Vu la requête de Monsieur [G] [E] en contestation de la régularité de la décision de placement en rétention administrative en date du 26 Février 2025 réceptionnée par le greffe du juge des libertés et de la détention le 26 Février 2025 à 18h13 ;
Par requête du 27 Février 2025 reçue au greffe à 11h37, Monsieur le Préfet invoquant devoir maintenir l’intéressé au-delà de quatre jours, demande l’autorisation de prolonger ce délai pour une durée de VINGT-SIX jours maximum.
En application des articles L.743-9 et L. 743-24 du Code de l’Entrée et du Séjour des Etrangers et du Droit d’Asile il a été rappelé à l’intéressé, assisté de Me Sophie TRICOT, avocat au Barreau de BOULOGNE-SUR-MER et commis d’office, les droits qui lui sont reconnus pendant la rétention et a été informé des possibilités et des délais de recours contre toutes les décisions le concernant ; qu’il a été entendu en ses observations.
L’intéressé déclare : Je souhaite être assisté d’un avocat. Oui j’habite chez ma soeur : [Adresse 4].
Me Sophie TRICOT entendu en ses observations : On diffère la notification des droits sans véritable raison, il y a donc une irrégularité de procédure. On est au 4ème arrêté de placement sur la même OQTF. Je vous demande de remettre en liberté Monsieur.
MOTIFS
Sur la validité du placement en rétention:
Il résulte de la réserve d’interprétation émise par le conseil constitutionnel dans sa décision n° 97/389 DC du 22 avril 1997 qu’une même décision d’éloignement ne peut pas donner lieu à plus de deux placements en rétention administrative ;
La validation “sous réserve” du conseil constitutionnel des dispositions législatives qui lui sont soumises dans le cadre d’un contrôle de constitutionnalité a priori s’impose à l’ensemble des juridictions françaises en application de l’article 62 de la Constitution ;
Par ailleurs, la décision rendue le 22 avril 1997 n’est pas devenue obsolète suite à la codification de l’ordonnance du 02 novembre 1945 et la création du CESEDA par l’ordonnance du 24 novembre 2004 dès lors que la codification est intervenue à droit constant et qu’en tout état de cause, la constitution étant la norme juridique supérieure, elle prévaut sur tous les autres textes juridiques ;
En l’espèce, il résulte des documents produits au soutien du recours que la présente mesure de rétention administrative fait suite à trois précédentes mesures identiques respectivement prises les 7 juin 2024 et 11 octobre 2024 et le 15 janvier 2025 sur le fondement de la même OQTF en date du 26 mai 2024 prononcée par le Préfet de la Somme ; que cette réserve demeure pertinente et la circonstance que la possibilité de placer un ressortissant étranger en rétention administrative pendant une durée de trois ans à partir de la date de l’obligation de quitter le territoire français ne rend pas vaine l’interdiction de placement en rétention à plus de trois reprises sur la base de la même OQTF, y compris et comme c’est le cas en l’espèce lorsque l’étranger s’est maintenu irrégulièrement sur le territoire français ;
Qu’il convient en conséquence de considérer que la mesure privative de liberté dont l’intéressé fait actuellement l’objet est dépourvue de base légale ;
Sur la régularité de la procédure de retenue :
Il résulte des éléments de la procédure que Mr [E] a été interpellé en gare de [Localité 2] le 24 février 2025 à 21h35. Il a été placé en retenue administrative à compter de son interpellation.
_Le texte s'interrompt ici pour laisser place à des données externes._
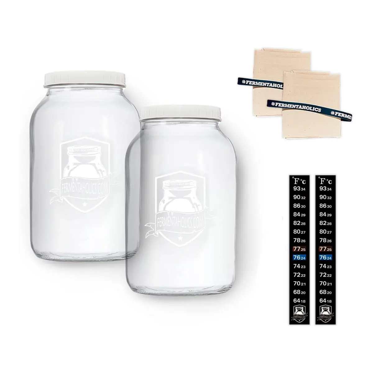 The Printed Gallon Kombucha Glass Jar 2 Pack is the ultimate setup for home brewers. Each 1-gallon American-made glass jar features printed brew notes and temperature ranges for easy tracking. Complete with muslin covers, rubber bands, temperature strips, and markers, it’s perfect for experimenting with different teas and sugars while providing a safe, non-porous home for your SCOBY.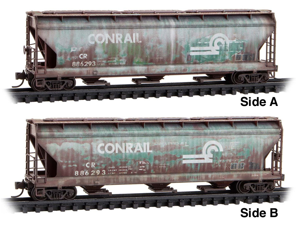 ACF 3 Bay Covered Hopper Car Conrail - CR - #886293 ex-Penn Central Peeling Brown Car w/White Lettering ---------- Weathered, NO Graffiti |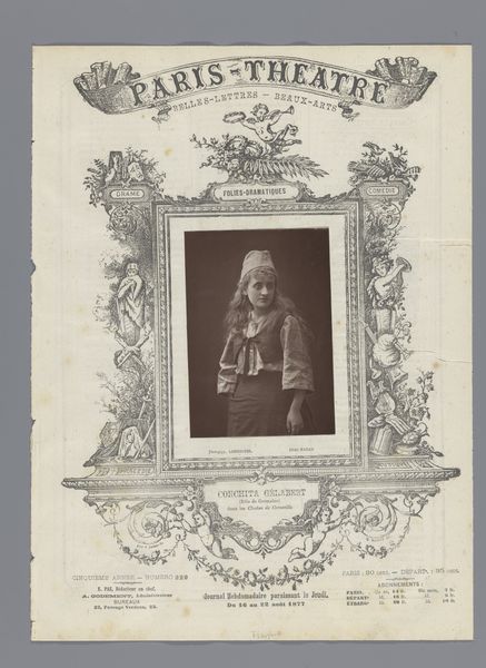 Editor: Here we have a photograph, taken by Alfredo Noack between 1870 and 1895. It depicts a mosaic of Christopher Columbus in the Palazzo Tursi, Genoa. I'm immediately struck by the framing; it’s so ornate! What catches your eye, and how do you approach a work like this? Curator: Formally, the nested frames construct a visual hierarchy. The central oval isolates Columbus, rendering him a figure of prominence. Then the secondary frame adds visual complexity and serves to emphasize the overall presentation of the portrait. The symmetry, moreover, contributes to a sense of balance and order. What do you make of the use of monochrome, given its photographic nature? Editor: It almost feels like it's trying to evoke a classical sculpture or engraving, despite being a photograph of a mosaic. Perhaps aiming for timelessness? Curator: Precisely. The grayscale palette negates potential distractions of colour, instead directing the eye to form and texture. Observe how light plays across Columbus’s garments, creating tonal variations that define volume. Are we, thus, seeing a purely representational image, or is there something more at play here? Editor: I think the framing turns this photograph of a mosaic into an artifact in itself, it changes our understanding of its function. The coat of arms at the top is intriguing, also. Curator: It recontextualizes Columbus as a symbol, embedded in Genoese history. The mosaic medium and the photographic rendering both become integral parts of the meaning. One refers to its source, and the other speaks of that source in translation through time. Editor: I never thought about how the medium and its treatment affects how we see a photograph like this. Curator: Paying attention to these formal elements reveals a complexity beneath what at first appears to be simply a portrait.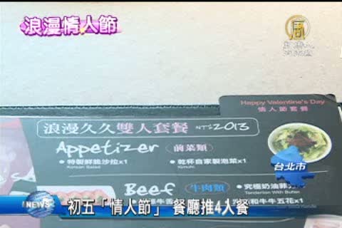 【新唐人亞太台2013年2月14日訊】西洋情人節遇上過年不只是花店買氣受影響。由於情人節剛好就在連續假期的中間,有飯店業者乾脆就不推情人節套餐了,當然也有餐廳業者,除了浪漫的情人節套餐之外,還特別推出了4人套餐,歡迎親友結伴糾團過節。

Le procès-verbal 2025/110 du 25 février 2025 à 9h20 indique que la notification de ses droits n’aurait pas eu lieu en raison de son alcoolisation alors même que le taux d’alcool aurait été relevé à 0,40mg/l d’air expiré.
Or, le PV de placement en retenue établi le 24 février 2025 à 22h indique que l’intéressé comprend le français mais ne sait pas le lire. Le PV ajoute « néanmoins, celui-ci n’est pas en capacité de comprendre la mesure dont il fait l’objet, ni l’étendue de ses droits » sans indiquer en quoi, l’intéressé serait dans cette incapacité. Le PV précise que ses droits lui seront notifiés par un PV distinct. Il est enfin précisé que le procureur serait avisé à 22h15.
La notification de ses droits aura lieu finalement le 25 février 2025 à 9h20 sur instruction du parquet qui reçoit l’avis de placement en retenue le 25 février 2025 à 10h20.
Il y a lieu de considérer que l’intéressé a été placé en retenue administrative pendant plusieurs heures sans avoir eu connaissance de ses droits ni avoir pu les exercer ce qu’il ne fera que le 25 février 2025 à 9h20 en sollicitant notamment un médecin se plaignant de douleur partout. Il n’est pas établi que le parquet a été avisé immédiatement du placement en retenue la seule mention sur le PV alors que les droits de l’intéressé n’ont pas été respectés s’avère insuffisante pour établir la réalité de cet avis.
Il y a lieu d’estimer que ces irrégularités ont nécessairement porté atteinte aux droits de Mr [E] et entraînent la nullité de la procédure précédant le placement en rétention.
Qu’il convient de faire droit au recours en annulation pour ces deux motifs ;
PAR CES MOTIFS
PRONONÇONS la jonction avec l’affaire n°25/873
FAISONS DROIT au recours en annulation de Monsieur [G] [E]
REJETONS la demande de maintien en rétention administrative de M. PREFET DE L’OISE
ORDONNONS que Monsieur [G] [E] soit remis en liberté à l’expiration d’un délai de vingt quatre heures suivant la Notification à Monsieur le Procureur de la République de BOULOGNE SUR MER de la présente ordonnance sauf dispositions contraires prises par ce magistrat.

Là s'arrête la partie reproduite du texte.